Phase I dose-finding study of epirubicin, oxaliplatin, and S-1 (EOS) in patients with previously untreated advanced gastric cancer (AGC).

Abstract

123 Background: To determine the recommended dose (RD) and dose-limiting toxicity (DLT) of EOS combination in patients with previously untreated AGC. Methods: Previously untreated patients with histologically proven metastatic or recurrent AGC and ECOG performance status 0-2 were enrolled. Fixed dose of epirubicin (50 mg/m2) and oxaliplatin (130 mg/m2) was administered i.v. on day 1. The dose of S-1 was escalated as following schedule: Level I: 30 mg/m2, Level II: 40 mg/m2, Level III: 45 mg/m2, Level IV: 50 mg/m2. S-1 was administered orally twice a day on days 1-14. Each cycle was repeated every 21 days. DLTs were evaluated during the first two cycles of treatment. Results: Nineteen patients were enrolled: 13 patients in dose-escalation phase and 6 patients in the extension at the RD. Median age was 53 years (range, 40-71 years). At dose level II, 1 DLT (grade 4 neutropenia lasting more than 5 days) was found among 6 patients while at dose level III, 2 DLTs (grade 3 diarrhea and nausea) were observed among 4 patients.
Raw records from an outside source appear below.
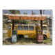 Vintages gelbes Van und alte Treibstoff-/Tankstelle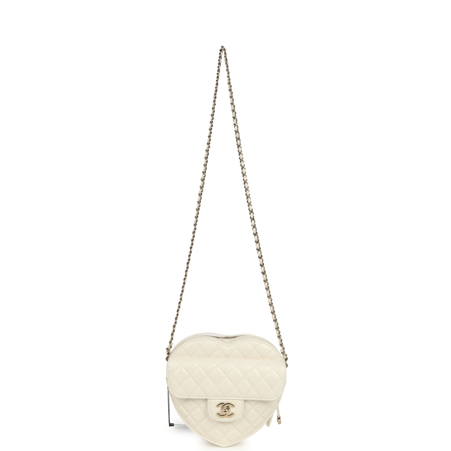This Large CC In Love Heart Bag is in white lambskin leather with light gold tone hardware and features a front flap with signature CC turnlock closure. half moon back pocket. zip top closure and an interwoven light gold tone chainlink and White leather shoulder strap.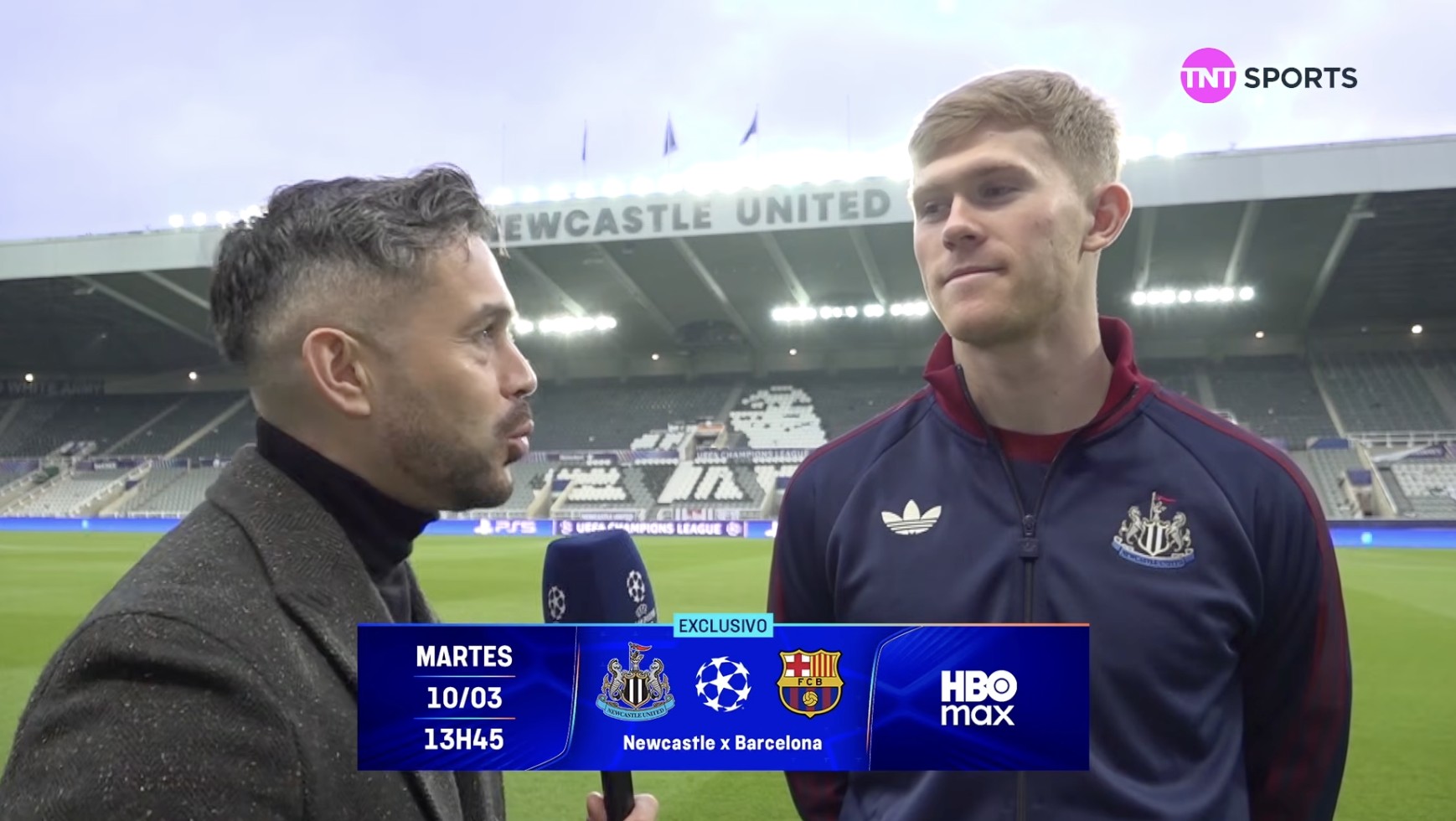 欧冠1/8决赛首回合,纽卡将主场对阵巴萨,纽卡后卫刘易斯-霍尔赛前接受了TNT体育墨西哥频道的采访。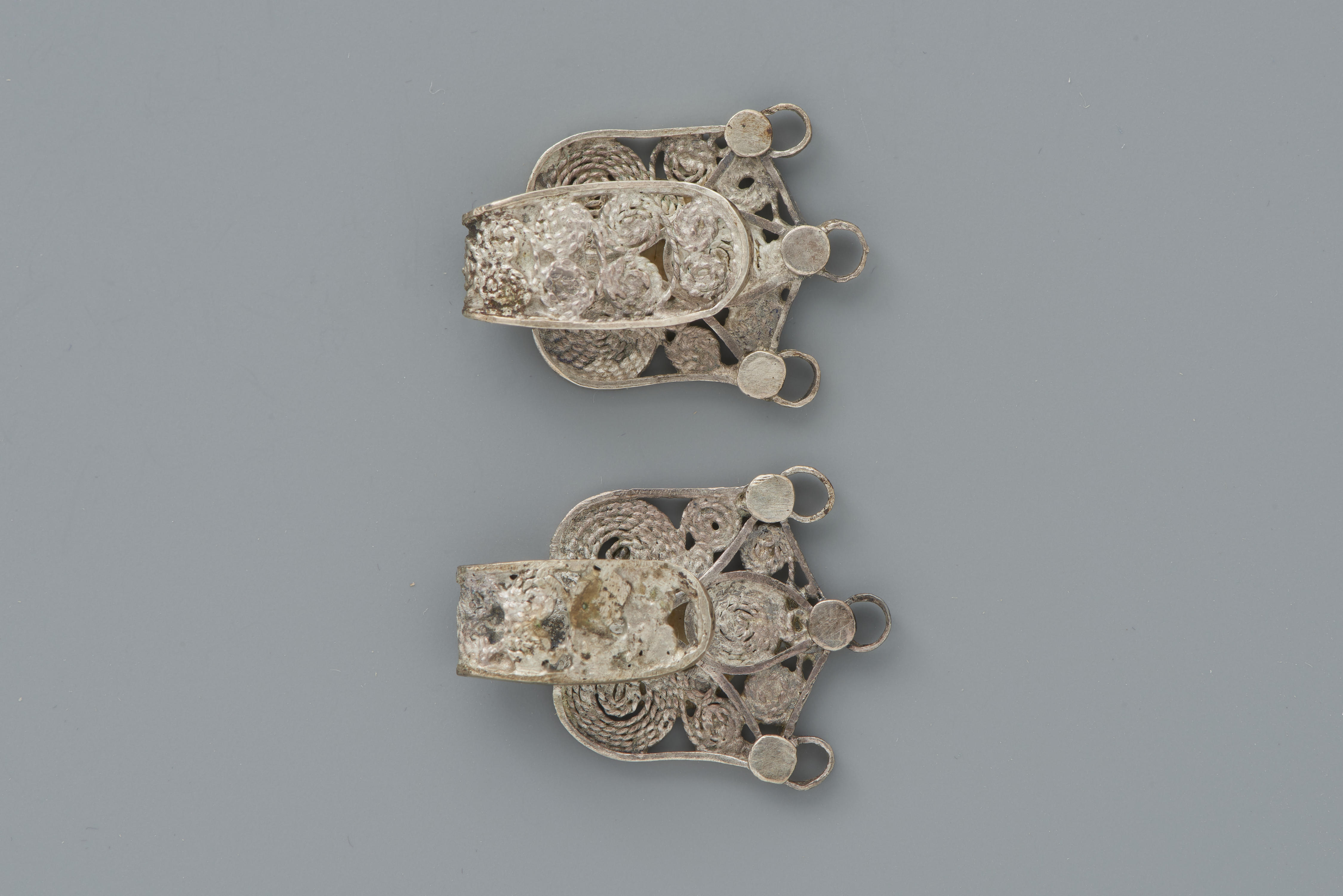 Twee tulpvormige zilveren keelbandhaken waarmee de keelband aan de muts werd bevestigd. De haken hebben een gehaltemerk dat gebruikt is tussen 1906-1953. Ze zijn gedragen op Marken.

Therefore, the dose level II was determined as RD. Cumulative (all cycles) grade 3/4 toxicity included neuropenia (58%), leucopenia (32%), thrombocytopenia (11%), diarrhea (11%), and nausea (5%). Of 13 patients with measurable lesions, 8 achieved partial response and 3 showed stable diseases, and the objective response rate was 62% (95% CI, 36-88%). The median progression-free survival was 6.5 months (95% CI, 4.7-8.2 months). Conclusions: The RD of the EOS regimen in patients with previously untreated AGC was epirubicin 50 mg/m2 and oxaliplatin 130 mg/m2 on day 1 and S-1 40 mg/m2 twice a day on days 1-14 of every 21-day cycle. This regimen seems to have promising preliminary activity. No significant financial relationships to disclose.